NeurIPS 2019
Sun Dec 8th through Sat the 14th, 2019 at Vancouver Convention Center
Paper ID:5449
Title:Can SGD Learn Recurrent Neural Networks with Provable Generalization?

Reviewer 1

The paper is interesting and notable for tackling the difficult case of using recurrent neural networks to do learning. The function class it learns seems to be identical to the function classes learned by Allen-Zhu et al. in prior works, which are known to be learnable in polynomial-time via other methods. The main technical difference from this paper and previous work (per the authors) seems to be Lemma 5.2b. What happens if the inputs are not norm 1? What sort of complexity bounds are obtained in this case? Also, how does the complexity scale with the lipschitzness/boundedness of the loss function (currently assumed to be 1)? Are there hardness results indicating that your results are best possible? For example, the 'almost polynomial' result of L^{O(log 1/\eps)}, is it possible this can be improved? Can you give some explanation as to what this function H is from Lemma 5.2? Roughly what techniques are involved? Why is "n" considered a noise parameter? I did not follow. The main concern is how much does this paper overlap with several other works analyzing SGD on overparameterized networks, most notably the work of Allen-Zhu et al. The authors indicate that the proof here is substantially different and more difficult.

Reviewer 2

This paper show that Elman RNNs optimized with vanilla SGD can learn concepts where the target output at each position of the sequence is any function of the previous L inputs that can be encoded in a two-layer smooth neural network.

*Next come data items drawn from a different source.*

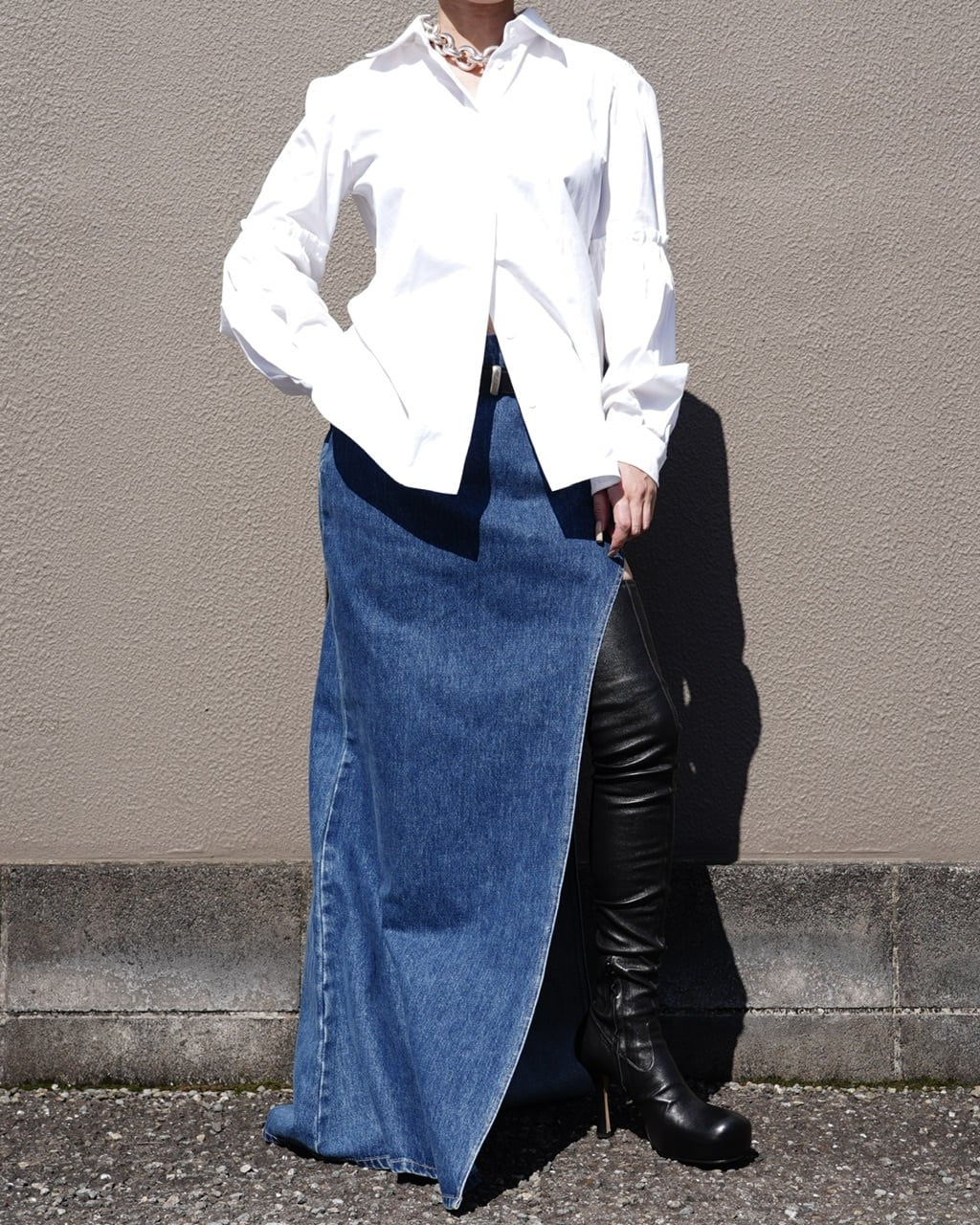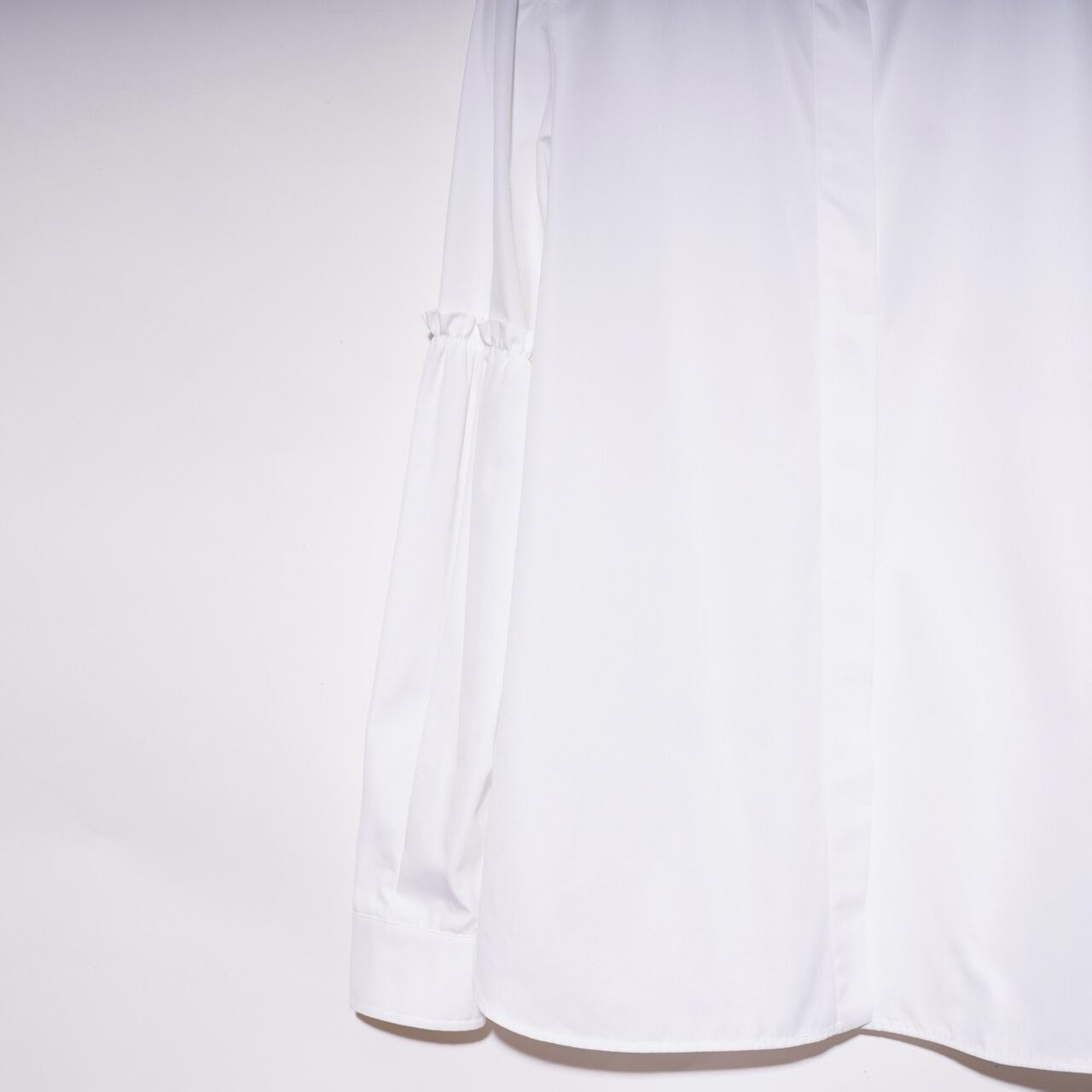 しっかり目の詰まったハリ感のある上質な質感。ボリュームのあるスリーブデザインも上品です。
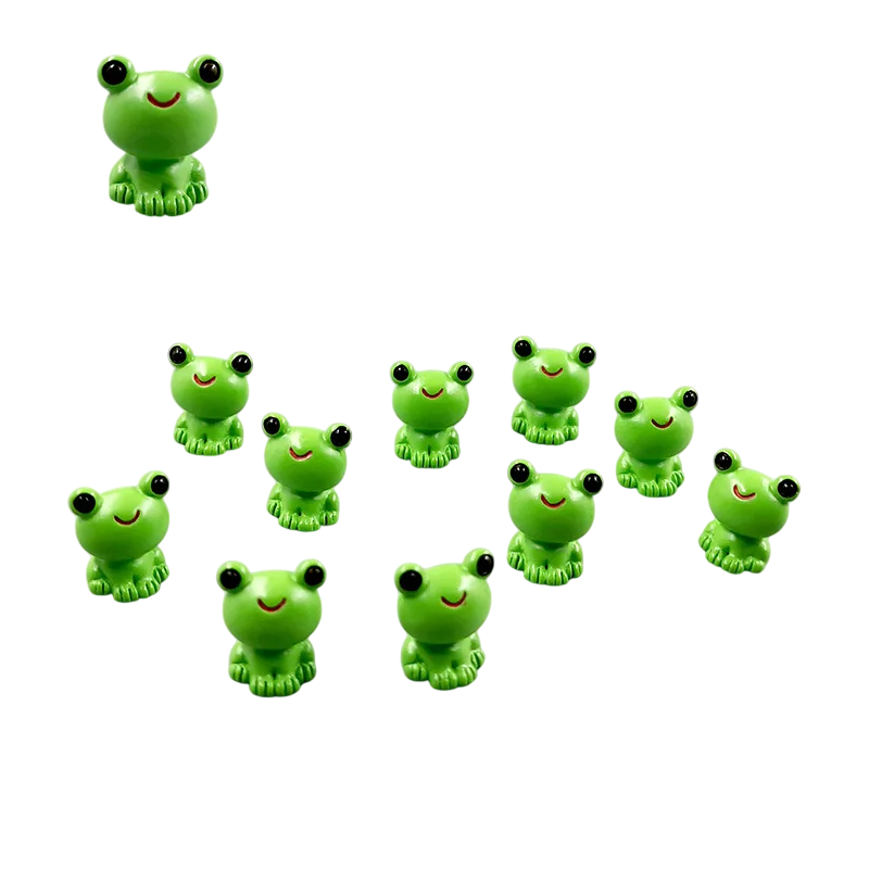 Το σύνολο μίνι βατράχων από ρητίνη είναι το ιδανικό μικρό αξεσουάρ που μπορεί να φωτίσει οποιονδήποτε χώρο. Χάρη στις μικρές του διαστάσεις, φαίνεται διακριτικό, αλλά ταυτόχρονα προσθέτει στο εσωτερικό έναν μοναδικό και φιλικό χαρακτήρα. Υπέροχη ιδέα για μικρό δώρο ή για συλλογή μικρών ζωικών φιγούρων.
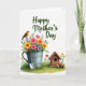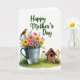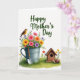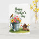 This design shows a bright garden scene on a white background, centered on a sturdy metal watering can overflowing with spring flowers in fuchsia, sunny yellow, orange, and soft lavender, with leafy greens curling around the blooms ❤️. A small brown bird with a yellow chest perches on the rim and turns its head as if watching a companion just out of view, adding a gentle, friendly moment to the scene. Near the base of the flowers sits a garden trowel with a wooden handle, angled like it was just set down after tending the plants. On the right side, a wooden birdhouse rests in thick green grass, its round doorway facing forward like a welcoming little home. In the foreground, a tiny snail with a spiral shell inches along, giving the layout a calm, unhurried rhythm 🌼. The message text appears above the illustration in flowing, calligraphy-style lettering, colored deep emerald green and centered near the top. Soft, painted textures on the petals and leaves contrast with the watering can’s muted metallic shine. The grassy area is brushed in layered greens, with the birdhouse outlined in warm wood tones and a darker circular opening.
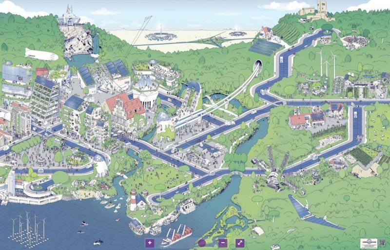 Wie sieht ein gutes Leben für alle aus? Das Wimmelbild zeigt eine mögliche Zukunftssituation, in der es allen Menschen und der ökologischen Mitwelt gut geht. Aber natürlich könnte diese positive Zukunftsversion auch anders aussehen. Für Gesprächsstoff ist gesorgt!
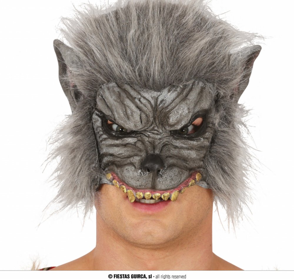 Vinylová karnevalová maska tylu vlkodlaka s vlasy. Ideální doplněk k pánskému halloweenskému kostýmu. Univerzální velikost.

There are multiple assumptions and complications in showing the main result. The crux of the proof is to show that if the RNN is overparameterized enough, then if we start from a randomly initialized RNN matrix W, there exists a function which is linear in matrix W* whose value at a specific W* is a good approximation to the target in the concept class. Showing that SGD moves in a direction similar to such W* gives the desired result. Another interesting aspect of the main result is that the number of samples that SGD needs depends only logarithmically with respect to the number of RNN neurons, making it applicable to overparameterized settings. Indeed, for the result to hold, the number of RNN neurons must depend polynomially (or slightly more depending on the complexity of the concept class) on the length L of the sequences. Pros: - Novel result for RNN learnability with generalization bound polynomial in input length. - Sample complexity bound almost independent of size of the RNN - Different properties of RNNs at random initialization (not sure which of these are novel when compared to [2]) Cons: - RNN is so overparameterized that there's a quick shortcut leading close to the optimal solution - Similar in vein to [2] Other: - Can you give some concrete (possibly practical) examples of functions belonging to the concept class? For example does the concept class allow to count, or, say, determine whether an a^nb^m sequence is such that n=m? - Can you give an intuition on the function complexities C_\eps and C_s?

Reviewer 3

The paper proves that RNN trained via SGD when only the weights are trained converges to a point close to the optimum and that the number of examples required for training scales polynomially with the number of training examples. The result is very interesting and novel. Yet, I have few remarks: 1. The work "Robust Large Margin Deep Neural Networks" provides generalization error guarantees that are independent of the number of neurons, unlike what is written in the paper that there is no such generalization result for neural networks till now. 2. I would appreciate seeing a simulation that demonstrates the result proposed in the paper. I believe it is not hard to train such a network when only one matrix is optimized. Indeed, as only one parameter is optimized the performance will be poor but still, it would demonstrate the result. 3. I would appreciate a discussion as to how the work may be extended to learning of the other parameters.